By confrontations, on 5 November 2019

Picking up the threads of the conversations about East European art history from the first session of Confrontations, the focus of the initial seminar at the Academy of Fine Arts in Prague was on attempts to locate East European art within global art history. This entailed discussing the legacy for East European art of the tripartite division of the Cold War, the relation of East European art to other global non-Western art regions and collectively analysing methodologies and curatorial approaches to reframing East European artistic identity three decades after the fall of communism.

Taking sides on the issues of whether belonging to the Second World during the Cold War was a privileged position for East European art, is East European art closer to the Euro-American axis or to the art histories of the global South, and how relevant is the decolonial project for the region, again saw the engagement of participants in a symbolic Tug of Art History.

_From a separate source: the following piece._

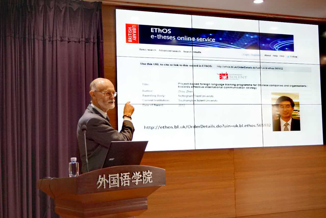 403报告厅做了题为“Learning a Language and Learning to Think: A Game of Snakes and Ladders”的讲座。讲座主要探讨了学生如何在提高自身外语技能的同时训练自己的批判性思维能力以及在大学学习到的技能是否能够运用在未来的工作当中。同时,Colin Beaven教授向老师及学生推荐了剑桥大学出版社出版的《Unlock》教科书,为如何训练学生的批判性思维提供范例。

The impassioned position-taking on art historical dilemmas this time ended up breaking the rope.

Discussions that arose confronted the theorisation of decoloniality with the actual situation on the ground of East European art history. There were calls to pluralise decolonialisms, warnings about the dangers that the decolonial project could turn into nationalism and a desire expressed for political, ethical and microhistorical approaches that would allow for other narratives to emerge.

(Maja & Reuben Fowkes)

Setting the Confrontations Agenda

By confrontations, on 29 April 2019

The first session of Confrontations kicked off with a circle of introductions of this select group of scholars of East European art history, coming together at the beginning of an ambitious programme of collective research. Hosted by the Museum of Contemporary Art Zagreb, the first gathering was an opportunity to introduce the agenda of Confrontations over the coming years, with the aim to uncover the contested histories of the art of the first and last decades of the socialist period across the diverse art scenes of Eastern Europe.   Anticipating from the outset the complexity and potential irreconcilability of certain positions in contested art historical evaluations, the participants were invited to confront their views through a symbolic Tug of Art History. The question that saw the group take the most opposing positions indicatively was whether abstract art could be seen as a propaganda tool of the socialist state. Intended as a gesture to establish a safe environment for the expression of discordant points of view, this group exercise was also an indication of the objective of Confrontations to activate the potential of ‘sensuous scholarship’ through an embodied art history in which researchers are immersed in direct experiences, exchanges and encounters with the objects of study in situ.        The first group seminar vividly illustrated the plurality and wealth of approaches in response to the task of proposing their own working definition of East European art history. As we went around the table, it was clear that everyone had interpreted the brief set out in advance by the convenors of Confrontations differently. In that sense, attempts to define our research area ranged from historicising the question of East European art, either relegating it to the pre-1989 state-socialist period or conceiving it as a post-1989 construct, to putting forward theoretical or linguistic distillations of the field. Also voiced was the notion that focusing on Eastern European art could be a strategic choice, in terms of pursuing particular ethical or decolonising agendas with regard to art history.